The MappingMaster DSL extends the Manchester Syntax to support references to spreadsheet content in these declarations. MappingMaster introduces a new reference clause for referring to spreadsheet content. In this DSL, any clause in a Manchester Syntax expression that indicates an OWL named class, OWL property, OWL individual, data type, or a literal can be substituted with this reference clause. Any declarations containing such references are preprocessed and the relevant spreadsheet content specified by these references is imported. As each declaration is processed, the appropriate spreadsheet content is retrieved for each reference. This content can then be used in four main ways:

  • It can be used to directly name OWL entities that are created on demand.
  • It can be used to annotate OWL entities that are created on demand.
  • The content may reference existing OWL entities, either directly as a URI or through an annotation property.
  • Finally, the content may be used as a literal.
Using one of these approaches, each reference within an expression is thus resolved during preprocessing to a named OWL entity, a data type, or a literal. The resulting expression can then be executed by a standard Manchester Syntax processor.

Table of Contents

References

Reference in the MappingMaster DSL are prefixed by the character @. These are generally followed by an Excel-style cell reference.

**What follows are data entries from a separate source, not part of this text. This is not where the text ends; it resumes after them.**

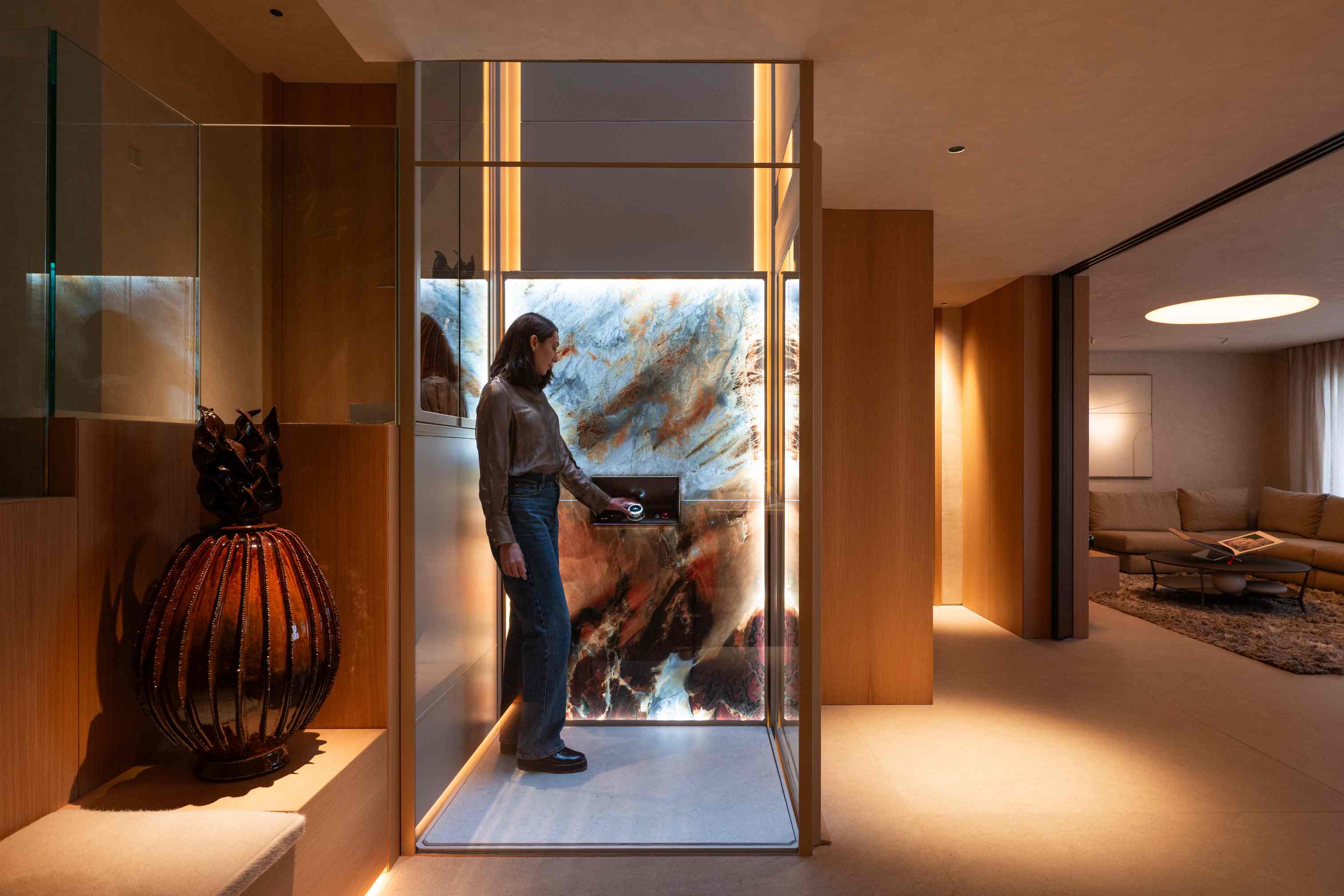 瑞特科的设计在于“隐形融合”与“个性表达”的平衡。最小预留尺寸仅870x910mm,0底坑设计无需破坏土建,老房加装也能灵活适配。斯堪的纳维亚艺术家设计的背景墙、冷暖可调的星空顶、瑞典Bolon品牌地毯等丰富定制选项,让每部电梯都成为彰显品味的空间焦点。针对中国市场,品牌特别丰富了契合中式风格的材质与美学选择,实现北欧简约与中式和谐的融合。
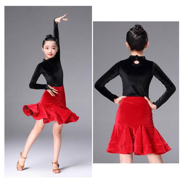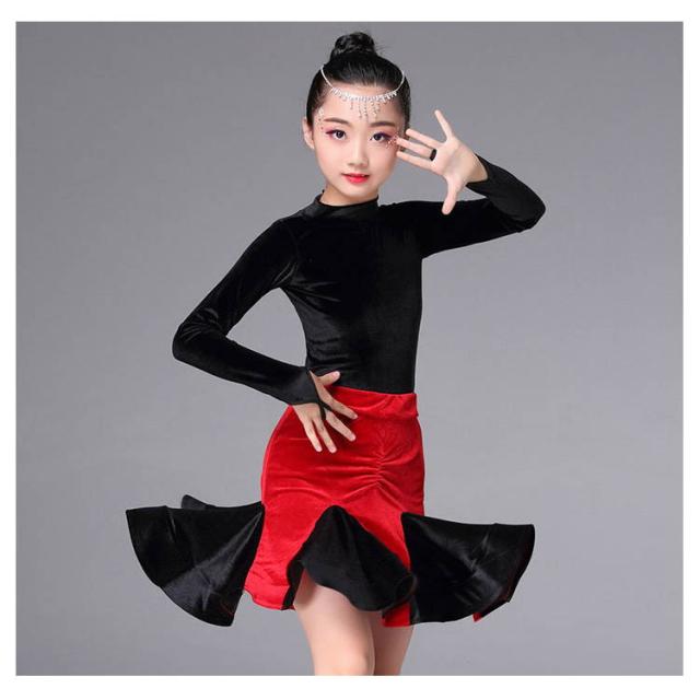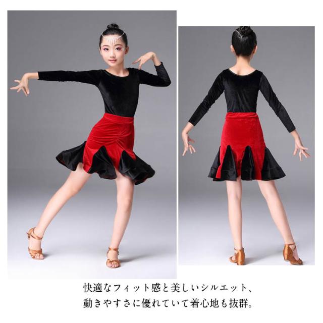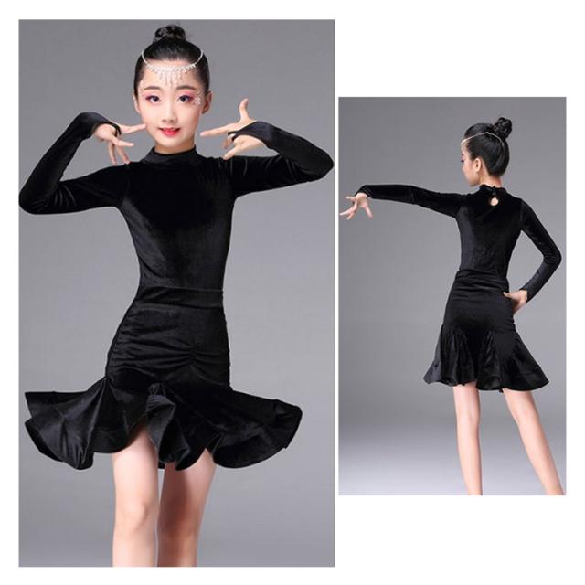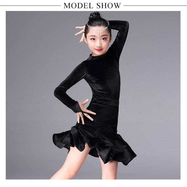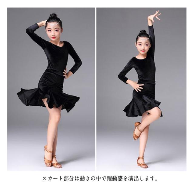 子供服 ラテンダンス クルーネック ベロアワンピース ちゃちゃちゃ ベロアダンス衣装 ダンスワンピース 女の子 子供ダンス服 長袖ラテンダンス 発表会用ドレス ワルツ ラテン系 ダンスドレス ラテンワンピース 社交ダンスドレス衣装 開場ドレス 新作 110 120 130 140 150 160
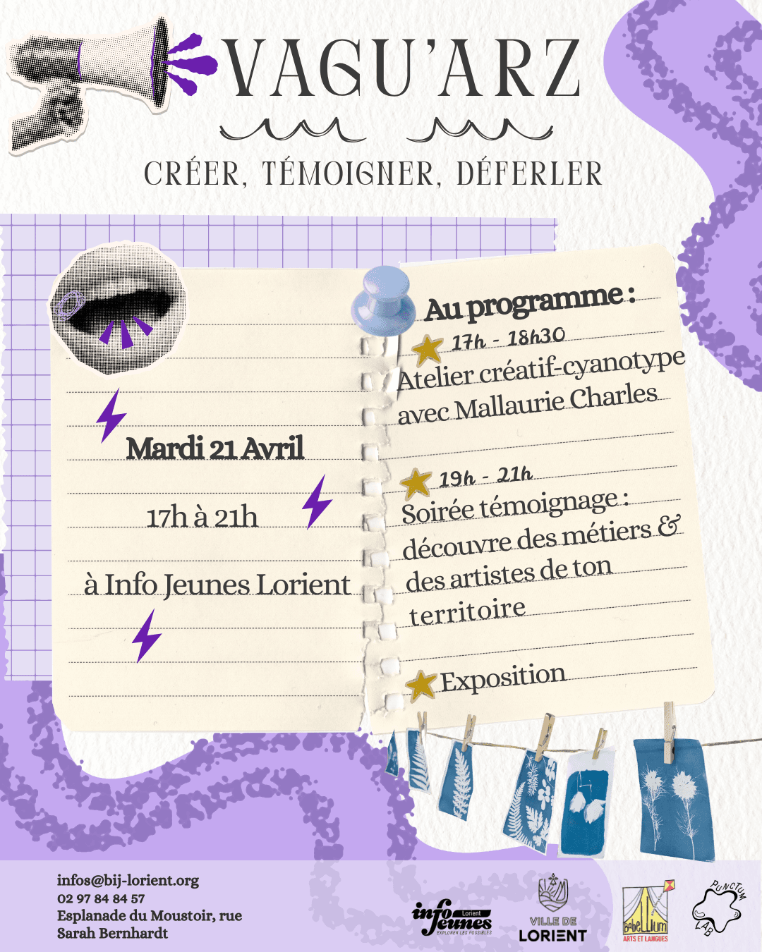 Viens découvrir et t’interroger sur les inégalités dans le milieu de la culture : place des femmes, place des minorités… Une journée pour réfléchir, échanger et sensibiliser ensemble. 📍 Rendez-vous le 21 avril à Info Jeunes Lorient, de 17h à 21h Au programme : À 17h – Ateliers participatifs : Informe-toi, crée et questionne-toi Sors ta créativité et réalise ton cyanotype avec Mallaurie Charles Découvre et échange autour de l’exposition « Je, Tu, Il, Elle, Nous » de Léa Molinier, avec les associations PonctumLab et Babelium (Quimperlé) Discute avec l’équipe d’Info Jeunes autour des questions d’inclusion et profite de la documentation À partir de 19h – Soirée témoignages Rencontre et échange avec des professionnel·les et artistes de ton territoire Les deux temps seront accompagnés d’un goûter et d’un buffet convivial Événement ouvert à toutes et tous – Entrée libre 🤝 Ce projet est mis en place dans le cadre d’un projet commun des volontaires en service civique d’Info Jeunes Lorient et d’une volontaire du Corps européen de solidarité. On vous attend nombreux·ses ! 💫
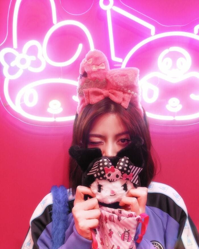 マイメロディのカチューシャ、手にはクロミのぬいぐるみと、サンリオキャラクターたちに囲まれ、楽しいひとときを過ごした様子でした。
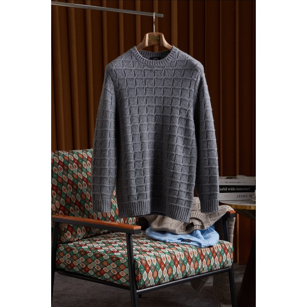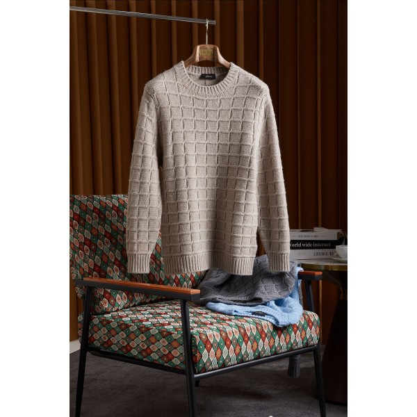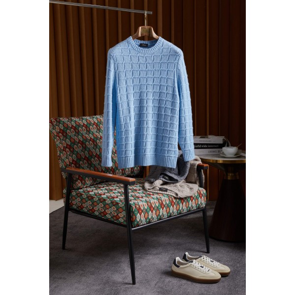 브리오니 캐시미어 울 풀오버 스웨터 최고급 캐시미어 65% + 양모 35%를 엄선하여 실키한 촉감으로 피부에 부드럽게 밀착되어 마치 두 번째 피부처럼 자유롭고 편안함 심플하면서도 격식을 잃지 않아 집이나 외출 시에도 항상 우아함과 여유를 유지할 수 있음 스웨터의 짜임새는 한 땀 한 땀 장인의 세심함과 섬세함을 드러냄 바둑판 체크무늬 요소는 클래식하면서도 모던하여 전체적으로 복고적인 매력을 더함

In the standard Excel cell notation, cells extend from A1 in the top left corner of a sheet within a spreadsheet to successively higher columns and rows, with alpha characters referring to columns and numerical values referring to rows .

Basic References Use

For example, a reference to cell A5 in a spreadsheet is written as follows:

  @A5 

The above cell specification indicates that the reference is relative, meaning that if a formula containing the reference is copied to another cell then the row and column components of the reference are updated appropriately.

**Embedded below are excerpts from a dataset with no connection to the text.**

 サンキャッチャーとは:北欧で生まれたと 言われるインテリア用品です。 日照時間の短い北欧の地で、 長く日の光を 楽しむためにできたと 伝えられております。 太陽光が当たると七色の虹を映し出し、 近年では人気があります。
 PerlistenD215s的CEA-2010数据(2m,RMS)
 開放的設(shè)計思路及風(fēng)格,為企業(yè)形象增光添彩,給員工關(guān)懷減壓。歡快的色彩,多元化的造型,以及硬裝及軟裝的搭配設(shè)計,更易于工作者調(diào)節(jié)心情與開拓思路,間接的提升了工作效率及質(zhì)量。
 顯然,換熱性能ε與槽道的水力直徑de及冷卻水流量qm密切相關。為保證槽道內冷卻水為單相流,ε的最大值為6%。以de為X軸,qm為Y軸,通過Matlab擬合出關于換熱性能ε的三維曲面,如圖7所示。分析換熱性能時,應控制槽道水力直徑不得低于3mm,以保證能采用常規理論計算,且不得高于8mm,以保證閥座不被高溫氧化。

Sheets can also be specified by enclosing their name in single quotes and using the "!" character separator between the sheet name and the cell specification:

  @'A sheet'!A3 

For example, in the following spreadsheet rows 4 to 6 of column B contain product categories; columns D to G of row 2 contain state identifiers, and the grid range D4 to G6 contains sales amounts.

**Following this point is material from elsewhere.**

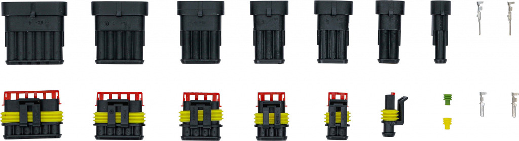 Komplet vodotesnih in prašno zaprtih električnih konektorjev za popravila in novo ožičenje. Vsebina: 50 zelenih tesnil F1.0 (Ø 1,2–1,8 mm), 50 rumenih tesnil F1.4 (Ø 1,6–2,4 mm), 50 moških in 50 ženskih kontaktov za preseke kablov 0,3–0,5 mm², 50 moških in 50 ženskih kontaktov za preseke kablov 0,85–1,25 mm², ohišja 1- do 6-polna, materiali: tesnila silikon Ø 6,1 mm, kontakti medenina, ohišja PA66+GF, temperaturno območje –40 °C do 120 °C.
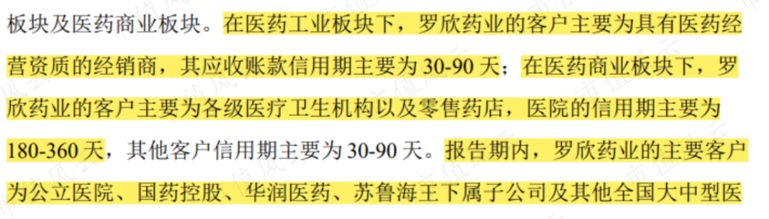 同时,风云君找到了同行业中的立方制药(003020.SZ),其医药商业板块信用期在6-10个月,下游客户以公立医疗机构为主,与罗欣药业较为接近。

匹配管理领域定义语言(MappingMaster DSL)——叙词转换为本体专用语言(二)

These references can then be used in MappingMaster's DSL to define OWL constructs using spreadsheet content.

For example, a MappingMaster expression to declare that a class FlavouredGum is a subclass of the class named by the contents of cell B4 can be written:

  Class: FlavouredGum SubClassOf: @B4 

When processed, this expression will create an OWL named class using the contents of cell B4 ("Gum") as the class name and declare FlavouredGum to be its subclass. If the class Gum already exists, the subclass relationship will simply be established.

That is, references can be used both to define new OWL entities or to refer to existing entities.

A similar expression to declare that the class SalesItem is equivalent to the class named by the contents of cell B4 can be written:

  Class: SalesItem 
  EquivalentTo: @B4 

The Manchester Syntax also supports an individual declaration clause for declaring individuals; property values can be associated with the declared individuals using a facts subclause, which contains a list of property value declarations.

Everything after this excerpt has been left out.